Taken the shot (and maybe a dozen more at different angles) and _THEN_ helped her up!


----------



## bumkicho (Jan 31, 2017)

SCraig said:


> > What would you have done differently?
> 
> 
> Helped her up instead of taking her photograph.


Ha! I suppose one could look at this photo and think that, but she didn't fall or slip. As her wedding photographer, it was my job to capture a moment like this, and I am glad I did because she still talks about this image as though it brings all the memories and emotions of that day back to her. I understand where you are coming from though.


----------



## theshafty (Jan 31, 2017)

I think it's a Great shot , it captures the essence of the moment, it's almost a trash the dress picture,  like every wedding I shoot, capturing the ups and downs of the day, regardless of the situation is paramount, it's a talk about moment for years to come [emoji41]


Sent from my iPhone using Tapatalk


----------



## DanOstergren (Jan 31, 2017)

SCraig said:


> > What would you have done differently?
> 
> 
> Helped her up instead of taking her photograph.


The groom is there for that, while the photographer has a job to do which is to take her photograph.


----------



## jcdeboever (Jan 31, 2017)

I would have either ran for dry land or barked at the boy assistant, "fetch me the golf umbrella!"

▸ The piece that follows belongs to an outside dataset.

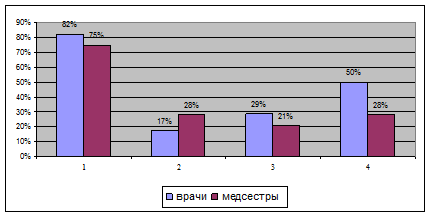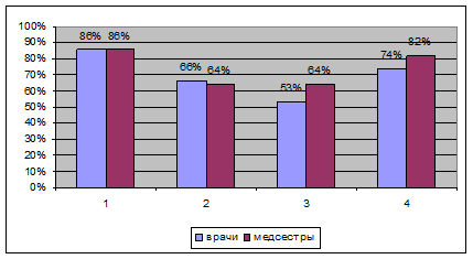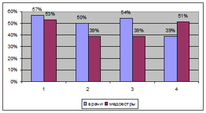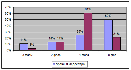 У большинства медицинских работников фаза "истощения", находится в стадии формирования. Данная фаза характеризуется более или менее выраженным падением общего энергетического тонуса и ослаблением нервной системы. Эмоциональная защита в форме “выгорания” становится неотъемлемым атрибутом личности. Из таблицы 5 мы видим, что симптом "эмоционального дефицита" сформирован у 29% врачей и 21% медсестер, у большинства медсестер (46%) и врачей (43%) данный симптом не сформирован. Данный симптом проявляется в уверенности, что эмоционально человек уже не может помогать субъектам своей деятельности. Не в состоянии войти в их положение, соучаствовать и сопереживать, отзываться на ситуации, которые должны трогать, побуждать, усиливать интеллектуальную, волевую и нравственную отдачу. О том, что это не что иное, как эмоциональное выгорание, говорит его еще недавний опыт: некоторое время тому назад таких ощущений не было, и личность переживает их появление. Постепенно симптом усиливается и приобретает более осложненную форму: все реже проявляются положительные эмоции и все чаще отрицательные. Резкость, грубость, раздражительность, обиды, капризы - дополняют симптом "эмоционального дефицита". Симптом "эмоциональной отстраненности" сформирован у 29% врачей и лишь у 3% медсестер, у 21% врачей и 36% медсестер, симптом не сформирован, при этом у большинства медицинских работников данный симптом не сформирован. В случае сформированности данного симптома врачи полностью исключают эмоции из сферы профессиональной деятельности. Их почти ничего не волнует, почти ничто не вызывает эмоционального отклика - ни позитивные обстоятельства, ни отрицательные. Причем это не исходный дефект эмоциональной сферы, не признак ригидности, а приобретенная за годы обслуживания людей эмоциональная защита. Человек постепенно учится работать как робот, как бездушный автомат. В других сферах он живет полнокровными эмоциями. Реагирование без чувств и эмоций наиболее яркий симптом "выгорания". Он свидетельствует о профессиональной деформации личности и наносит ущерб субъекту общения. Пациенты таких медицинских работников обычно переживают проявленное к ним безразличие и могут быть глубоко травмированы. Симптом "личностной отстраненности, или деперсонализации" сформирован у 29 % врачей и 7 % медсестер, у большинства медработников он также как и предыдущий симптом не сформирован. Данный симптом проявляется в широком диапазоне умонастроений и поступков профессионала в процессе общения. Прежде всего, отмечается полная или частичная утрата интереса к человеку - субъекту профессионального действия. Он воспринимается как неодушевленный предмет, как объект для манипуляций - с ним приходится что-то делать. Объект тяготит своими проблемами, потребностями, неприятно его присутствие, сам факт его существования. Возникает деперсонализированный защитный эмоционально-волевой антигуманистический настрой. Личность утверждает, что работа с людьми не интересна, не доставляет удовлетворения, не представляет социальной ценности. Симптом "психосоматических и психовегетативных нарушений" сформирован у 21% врачей и медсестер. У большинства медицинских работников он так же не сформирован. Данный симптом проявляется на уровне физического и психического самочувствия. Обычно он образ

This is purely hypothetical as I don't do weddings, nor have a boy assistant.


----------



## petrochemist (Feb 1, 2017)

A very moving picture, but it makes me think of a jilted bride...


----------



## chuasam (Feb 6, 2017)

Wow! I really like it.
And I rarely dish out compliments.
The only way it could (maybe) have been improved if she was looking up at you.


----------



## bumkicho (Feb 6, 2017)

chuasam said:


> Wow! I really like it.
> And I rarely dish out compliments.
> The only way it could (maybe) have been improved if she was looking up at you.


Yes, that would have made this image better. Thinking back, I think I could have taken a second or two to think. At that time, I just felt rushed to capture something. Thank you for your kind words!


----------



## ronlane (Feb 6, 2017)

Reminds me of some of the trash the dress images that I have seen. (Even if this wasn't on purpose)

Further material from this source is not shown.